Could you transcribe exactly the lines below, from the line with "FNIO New Style" through the line with "- Lieferumfang 1", and nothing else, leaving out the pictures?

— Data section —
▽
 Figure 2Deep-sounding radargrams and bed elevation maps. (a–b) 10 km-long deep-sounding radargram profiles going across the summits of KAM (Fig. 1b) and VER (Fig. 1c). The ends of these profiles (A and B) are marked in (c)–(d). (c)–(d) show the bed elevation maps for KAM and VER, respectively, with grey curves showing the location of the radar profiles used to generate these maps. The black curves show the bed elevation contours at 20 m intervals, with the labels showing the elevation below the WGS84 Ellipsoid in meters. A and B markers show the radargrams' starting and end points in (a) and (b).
△
▽
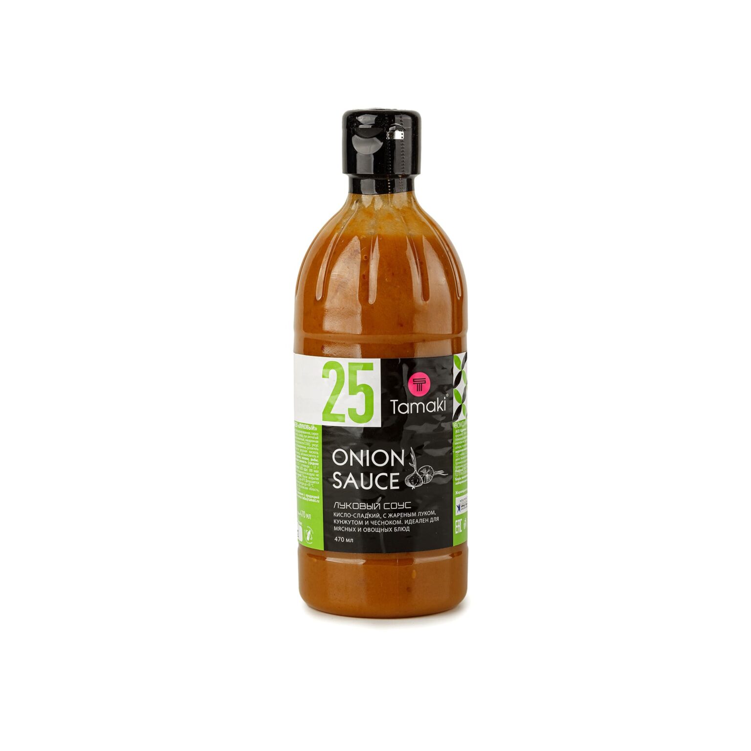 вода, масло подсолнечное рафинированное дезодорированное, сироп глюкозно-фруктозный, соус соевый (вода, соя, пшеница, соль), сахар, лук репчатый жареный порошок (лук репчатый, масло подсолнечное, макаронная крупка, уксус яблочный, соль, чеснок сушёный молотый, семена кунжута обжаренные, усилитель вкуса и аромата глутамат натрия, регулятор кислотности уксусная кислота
△
▽
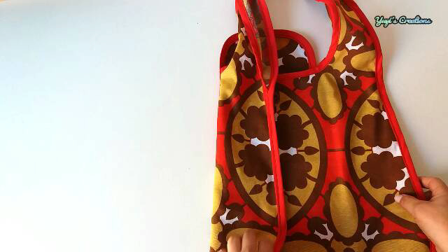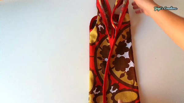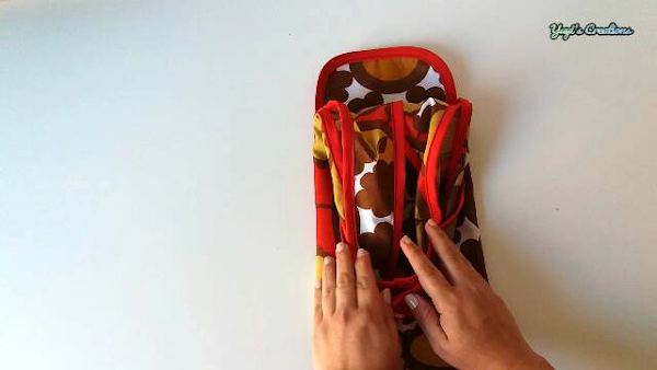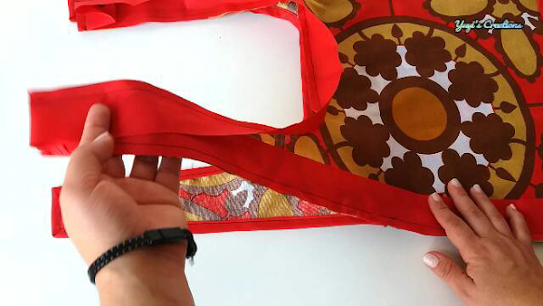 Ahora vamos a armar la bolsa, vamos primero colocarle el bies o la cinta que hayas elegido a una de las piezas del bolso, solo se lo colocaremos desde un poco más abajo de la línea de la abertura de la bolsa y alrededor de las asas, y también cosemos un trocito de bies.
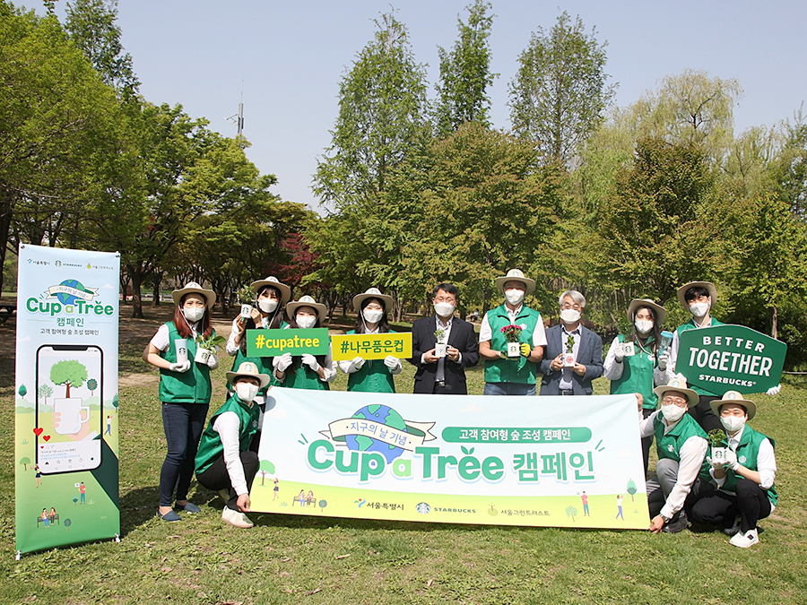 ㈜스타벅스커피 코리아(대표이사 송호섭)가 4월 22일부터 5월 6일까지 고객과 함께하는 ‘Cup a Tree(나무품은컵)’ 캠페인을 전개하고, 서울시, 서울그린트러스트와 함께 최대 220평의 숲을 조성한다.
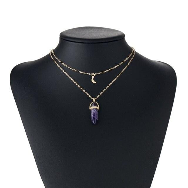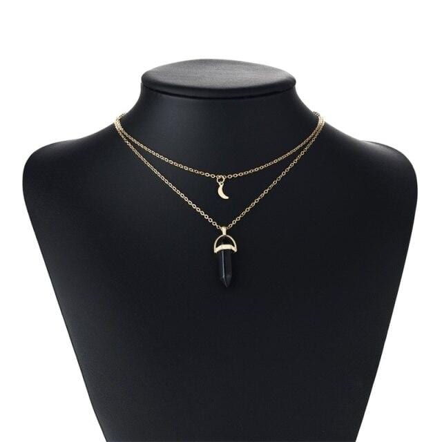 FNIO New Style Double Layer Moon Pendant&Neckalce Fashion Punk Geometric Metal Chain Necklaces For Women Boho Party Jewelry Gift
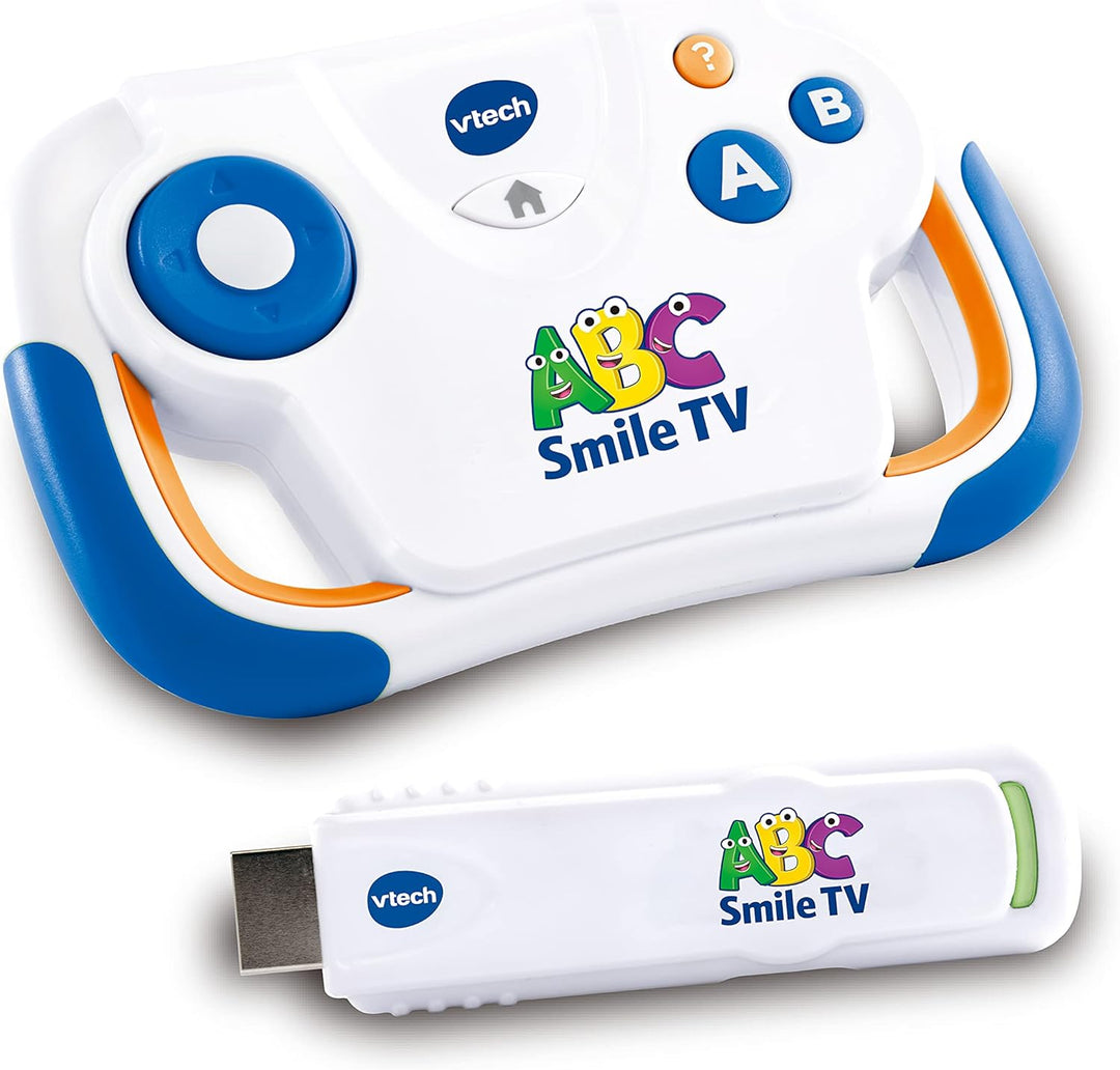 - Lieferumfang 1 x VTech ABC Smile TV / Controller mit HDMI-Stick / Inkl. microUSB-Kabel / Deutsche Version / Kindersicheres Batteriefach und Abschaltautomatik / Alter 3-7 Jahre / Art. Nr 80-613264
△
— Problem solution —
 FNIO New Style Double Layer Moon Pendant&Neckalce Fashion Punk Geometric Metal Chain Necklaces For Women Boho Party Jewelry Gift
 - Lieferumfang 1 x VTech ABC Smile TV / Controller mit HDMI-Stick / Inkl. microUSB-Kabel / Deutsche Version / Kindersicheres Batteriefach und Abschaltautomatik / Alter 3-7 Jahre / Art. Nr 80-613264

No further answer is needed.